# Women's March Washington DC 2017



## JoeW (Jan 22, 2017)

I was at the Women's March the day after the Inauguration in DC on Jan. 21st, 2017.  I have a range of pictures...some of which fall in to the "photojournalism" field and others were just interesting concepts.  As you would imagine, there were some creative signs and lots of pink.  I didn't feel this with my camera (looking through the lens provides insulation) but a lot of other people said it was so packed that it was "claustrophobic."  As always, when photographing crowds, you're looking for high ground and it's also tough to find breaks in the crowd where you can shoot an interesting person in isolation or for more than a headshot.


----------



## JoeW (Jan 22, 2017)

Here are a few more shots....the lineup of women consists of 3 generations from the same family.
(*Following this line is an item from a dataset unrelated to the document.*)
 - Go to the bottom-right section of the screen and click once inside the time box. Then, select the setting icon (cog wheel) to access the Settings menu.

The last shot deserves an explanation.  It's a senior diplomat from the Russian Embassy.  He had a crew out there shooting him standing in the middle of Pennsylvania Avenue with the Capital Building in the background.  One of the crew from the Embassy shooting him told me it was a "celebration photo."


----------



## tirediron (Jan 22, 2017)

Interesting set; what was the march in aid of?


----------



## SquarePeg (Jan 22, 2017)

It was a unity march for women's issues and human rights.


----------



## tirediron (Jan 22, 2017)

Why does no one ever support human lefts?


----------



## Didereaux (Jan 22, 2017)

tirediron said:


> Why does no one ever support human lefts?
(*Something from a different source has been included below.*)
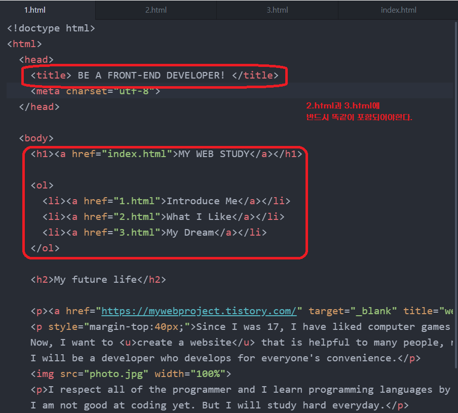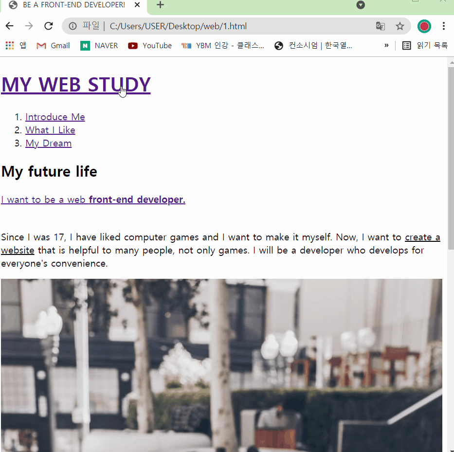 <!doctype html> <html> <head> <title> BE A FRONT-END DEVELOPER! </title> <meta charset="utf-8"> </head> <body> <h1><a href="index.html">MY WEB STUDY</a></h1> <ol> <li><a href="1.html">Introduce Me</a></li> <li><a href="2.html">What I Like</a></li> <li><a href="3.html">My Dream</a></li> </ol> <h2> My dream </h2> <p style="margin-top:40px;"> <u> Front-end </u> Developer </p> <p> I want to make my own websites. </p> <img src="photo3.jpg" width="100%"> </body> </html> |

...because they are always out!


----------



## tirediron (Jan 22, 2017)

Didereaux said:


> tirediron said:
> 
> 
> > Why does no one ever support human lefts?
> ...


Ba-da-dump..


----------



## pixmedic (Jan 23, 2017)

ok guys, we really have to keep even pseudo political comments out of the general forum. 
you all can go nuts in the subscribers section, but please keep comments on the topic of photography here. 
would rather this thread not get ruined by politics. 
thanks.


----------



## waday (Jan 23, 2017)

My personal favorite of this set is the first. To me, it seems to give a sense and purpose for the march in general, as well as showing the wide variety and backgrounds of those that showed up.


----------



## terri (Jan 23, 2017)

Great job in an obviously challenging setting.


----------



## Derrel (Jan 23, 2017)

I like the look of the big Russian diplomatic fellow standing out there, but I was wondering about why so much top space above him. Still, quite an imposing figure he presents.


----------



## loonatic45414 (Jan 23, 2017)

The crowd shots work as an overall summary but need the individual shots to bring the theme together. Without the individual shots, the crowd looks discombobulated. Would tell a better story if the crowd faced one direction watching a speech or something.

Sent from my 0PJA2 using Tapatalk


----------



## FITBMX (Jan 24, 2017)

Nice job!


----------



## JoeW (Jan 24, 2017)

Derrel said:


> I like the look of the big Russian diplomatic fellow standing out there, but I was wondering about why so much top space above him. Still, quite an imposing figure he presents.


To be brutally honest...I was doing a lot of edits quickly so some people who were at the march would get copies and so I could post some in a meet-up group of other photographers to get the submissions started, so I cropped a little but not enough on top.


----------